# Problem description:
Print them exactly: the lines from the beginning of the entries below through the line that contains "El papa Francisco", and only those, with the pictures left out.

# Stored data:
——

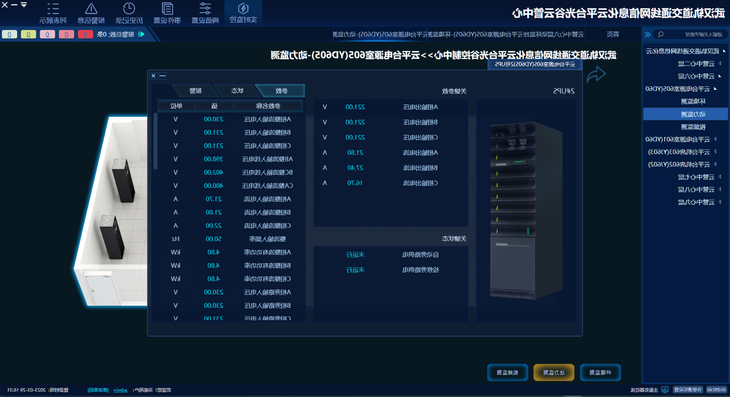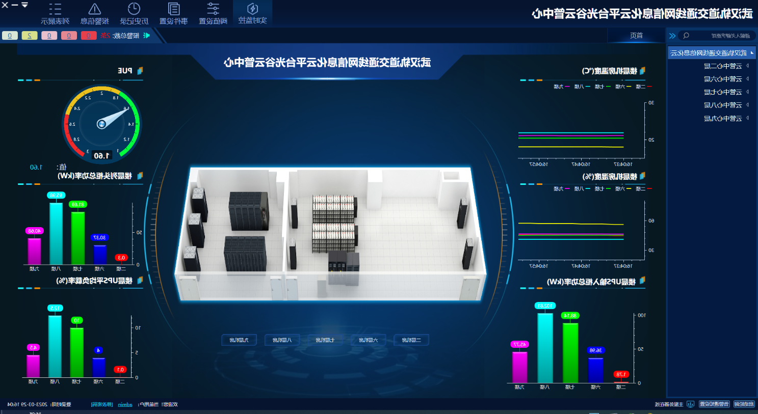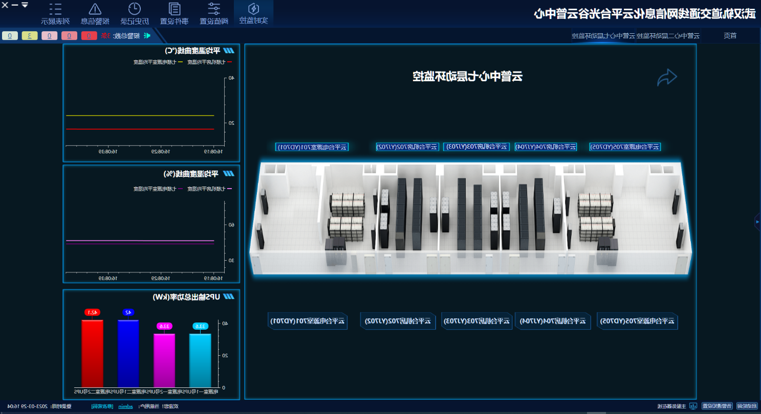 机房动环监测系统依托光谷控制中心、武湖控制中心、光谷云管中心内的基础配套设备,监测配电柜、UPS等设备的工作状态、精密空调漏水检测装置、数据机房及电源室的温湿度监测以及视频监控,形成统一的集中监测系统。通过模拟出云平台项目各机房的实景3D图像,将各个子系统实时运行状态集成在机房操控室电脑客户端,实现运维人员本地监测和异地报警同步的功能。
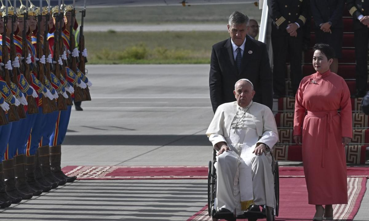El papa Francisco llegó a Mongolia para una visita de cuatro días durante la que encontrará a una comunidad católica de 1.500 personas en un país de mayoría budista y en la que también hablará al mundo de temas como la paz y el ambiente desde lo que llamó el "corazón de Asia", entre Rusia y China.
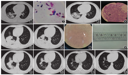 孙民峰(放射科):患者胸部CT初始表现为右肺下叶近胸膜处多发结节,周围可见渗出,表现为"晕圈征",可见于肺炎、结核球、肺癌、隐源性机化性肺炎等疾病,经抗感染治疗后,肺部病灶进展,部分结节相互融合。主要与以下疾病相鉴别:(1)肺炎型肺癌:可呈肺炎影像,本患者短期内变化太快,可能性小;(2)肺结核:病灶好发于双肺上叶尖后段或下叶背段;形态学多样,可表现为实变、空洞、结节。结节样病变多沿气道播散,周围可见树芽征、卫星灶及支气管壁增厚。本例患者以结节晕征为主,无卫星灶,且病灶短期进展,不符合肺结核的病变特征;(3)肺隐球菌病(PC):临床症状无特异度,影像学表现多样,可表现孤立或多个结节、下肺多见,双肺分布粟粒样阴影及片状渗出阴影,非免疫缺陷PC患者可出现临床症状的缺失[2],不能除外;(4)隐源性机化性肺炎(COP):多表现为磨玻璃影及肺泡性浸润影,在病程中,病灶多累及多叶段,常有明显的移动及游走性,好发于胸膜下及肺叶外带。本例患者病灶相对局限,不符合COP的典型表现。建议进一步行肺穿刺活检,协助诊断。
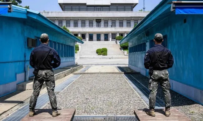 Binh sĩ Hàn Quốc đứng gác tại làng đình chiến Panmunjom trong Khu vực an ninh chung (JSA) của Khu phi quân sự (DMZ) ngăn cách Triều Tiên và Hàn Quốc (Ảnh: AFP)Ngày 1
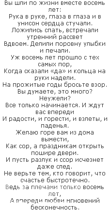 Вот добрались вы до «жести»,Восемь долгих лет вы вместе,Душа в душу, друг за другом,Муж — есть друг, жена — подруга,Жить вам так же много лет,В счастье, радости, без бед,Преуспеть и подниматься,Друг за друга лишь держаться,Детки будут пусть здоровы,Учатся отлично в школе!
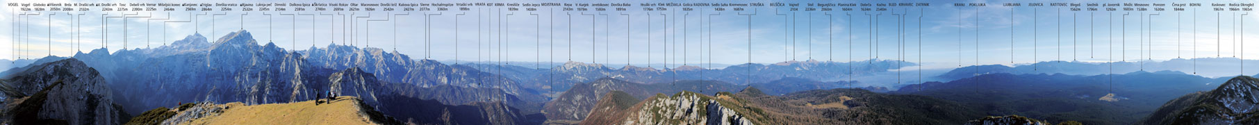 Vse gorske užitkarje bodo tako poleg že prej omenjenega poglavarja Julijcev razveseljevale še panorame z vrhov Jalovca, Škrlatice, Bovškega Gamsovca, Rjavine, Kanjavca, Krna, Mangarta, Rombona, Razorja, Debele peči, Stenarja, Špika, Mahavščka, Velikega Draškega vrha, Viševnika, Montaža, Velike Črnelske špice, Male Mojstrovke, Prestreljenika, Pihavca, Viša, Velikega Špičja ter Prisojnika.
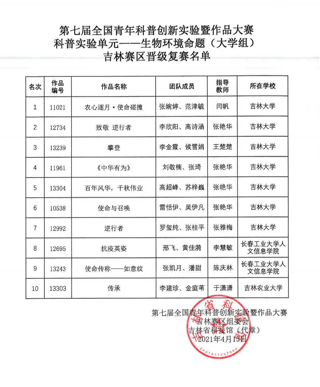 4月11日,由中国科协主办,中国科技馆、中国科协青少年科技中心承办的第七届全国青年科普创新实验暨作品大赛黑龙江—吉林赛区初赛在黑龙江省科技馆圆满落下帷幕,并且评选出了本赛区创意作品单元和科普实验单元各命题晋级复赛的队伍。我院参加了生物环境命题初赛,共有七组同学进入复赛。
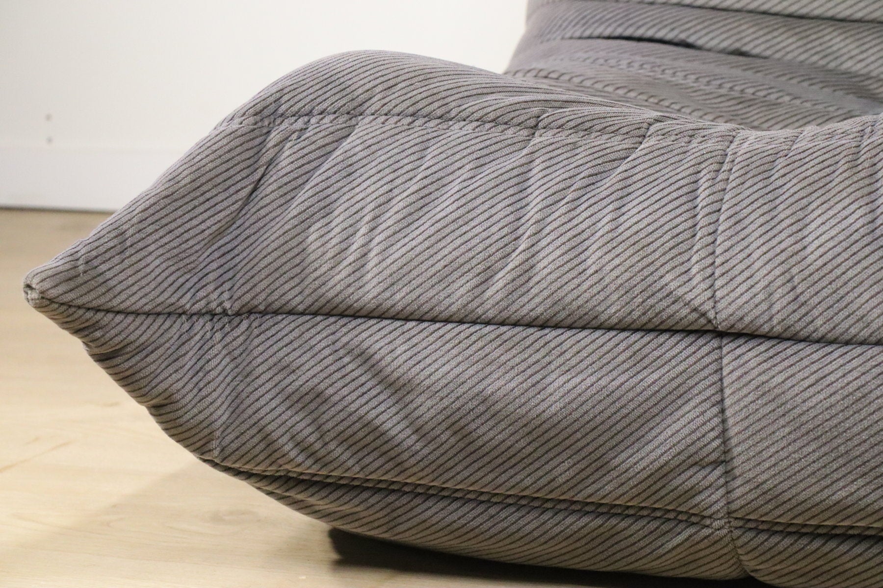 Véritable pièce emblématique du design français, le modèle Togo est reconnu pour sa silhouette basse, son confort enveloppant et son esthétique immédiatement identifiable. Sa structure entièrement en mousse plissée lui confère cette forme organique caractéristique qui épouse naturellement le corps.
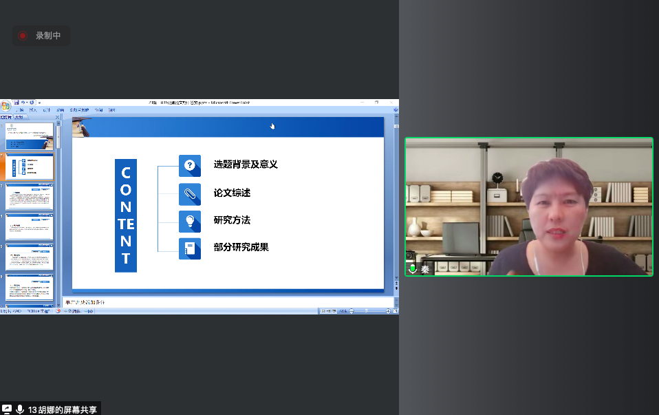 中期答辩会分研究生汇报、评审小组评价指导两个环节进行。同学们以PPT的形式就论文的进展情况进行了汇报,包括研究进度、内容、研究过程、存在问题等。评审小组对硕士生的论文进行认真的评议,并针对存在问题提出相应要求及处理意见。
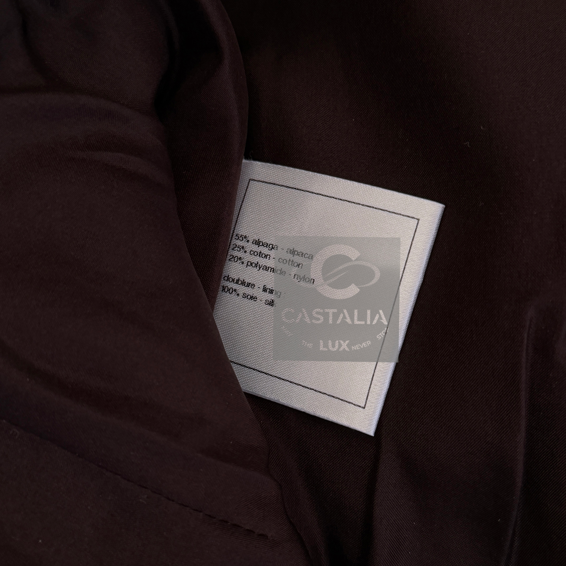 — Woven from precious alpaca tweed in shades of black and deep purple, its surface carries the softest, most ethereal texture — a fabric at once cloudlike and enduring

——

# Answer section:
 机房动环监测系统依托光谷控制中心、武湖控制中心、光谷云管中心内的基础配套设备,监测配电柜、UPS等设备的工作状态、精密空调漏水检测装置、数据机房及电源室的温湿度监测以及视频监控,形成统一的集中监测系统。通过模拟出云平台项目各机房的实景3D图像,将各个子系统实时运行状态集成在机房操控室电脑客户端,实现运维人员本地监测和异地报警同步的功能。
El papa Francisco llegó a Mongolia para una visita de cuatro días durante la que encontrará a una comunidad católica de 1.500 personas en un país de mayoría budista y en la que también hablará al mundo de temas como la paz y el ambiente desde lo que llamó el "corazón de Asia", entre Rusia y China.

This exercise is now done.